This document outlines how Sir John Whittingdale processes and manages personal data and identifies the data controller. It explains the lawful basis for processing personal data, the information held and processed, how special category data is handled, and the process for Subject Access Requests.
The Data Controller is Sir John Whittingdale.
If you have any questions about this policy, require further information about how your data is used, or wish to exercise your rights, please contact Sir John Whittingdale using the contact details on this website.
Processing is carried out by consent, under the legitimate interests of Sir John Whittingdale, or where necessary in the public interest. These lawful bases support constituency casework, communication and democratic engagement, including campaigning and fundraising activity.
Data held includes information provided by you when contacting the office and correspondence with third parties where cases are taken up on your behalf. Electoral register data may also be used for electoral purposes where permitted by law.
Personal data is stored electronically and securely. Service providers are required to meet appropriate standards of security and compliance.
Special category personal data may be processed where necessary under the provisions of the Data Protection Act 2018 covering political representatives and democratic engagement.
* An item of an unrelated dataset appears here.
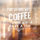 Hier serviert frisch gebrühter Kaffee Fensteraufkleber
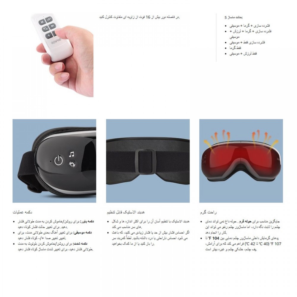 (نام بلوتوث: ماساژور چشم) به روز رسانی نسخه 2.0 با کنترل از راه دور و کنترل لمسی: ماساژور چشم ما به صورت تصادفی و دقیق با کنترل از راه دور و کنترل لمسی

Some service providers may be located outside the European Economic Area. Where data is transferred, safeguards are applied to ensure it is protected to equivalent standards.
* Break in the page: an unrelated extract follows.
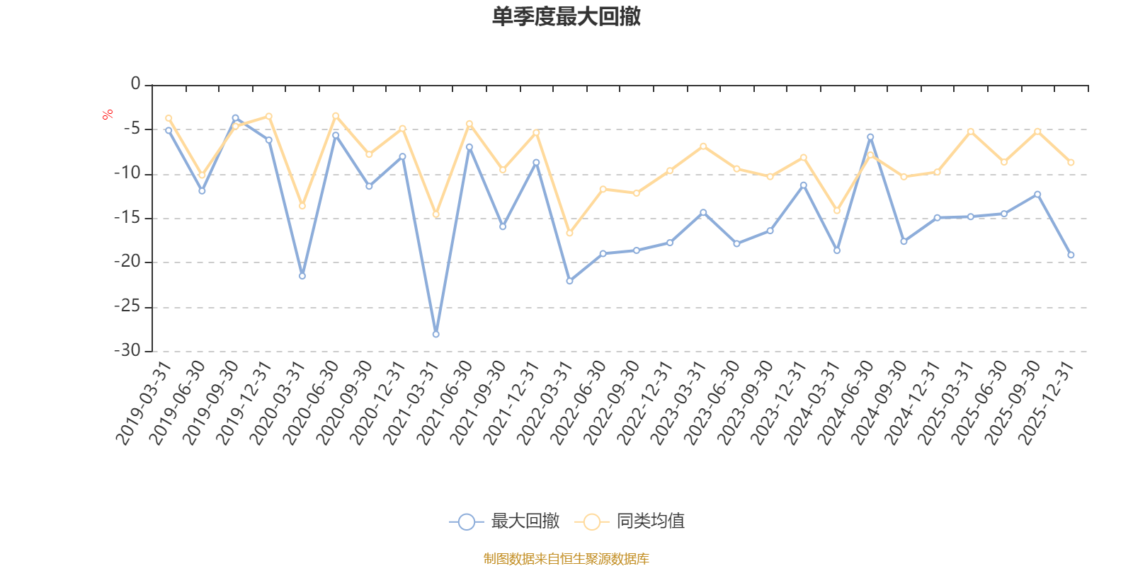 通过所选区间该基金净值增长率分位图,可以观察该基金与同类基金业绩比较情况。图为坐标原点到区间内某时点的净值增长率在同类基金中的分位数。

Certain types of data, including electoral register data, are not transferred outside the EEA.
Personal data is held only for as long as necessary. Retention periods vary depending on the nature of the data, but typically do not exceed two election cycles. Data is reviewed regularly to determine whether it should be retained or securely disposed of.
Requests are handled in line with guidance from the Information Commissioner’s Office. Identity verification may be required and responses are issued within statutory timeframes.
Where you contact the office about an issue, information may be shared with relevant organisations such as local authorities, government departments, public bodies, health services or regulators in order to progress your enquiry. Third parties are required to use the information only for the purpose provided.
Data may also be shared where required by law, or with relevant political organisations where necessary to support democratic engagement and constituent assistance.
If you are unhappy with how your data has been processed, you have the right to complain to the Information Commissioner’s Office (ICO), the UK’s supervisory authority for data protection.
Information Commissioner’s Office
Wycliffe House, Water Lane, Wilmslow, SK9 5AF
Telephone: 0303 123 1113
Website: https://ico.org.uk/concerns/
If you have questions about data held by this office, please make contact using the details provided on this website.
Proof of identity may be required when exercising your rights. This policy may be updated from time to time to reflect changes in legislation or working practices.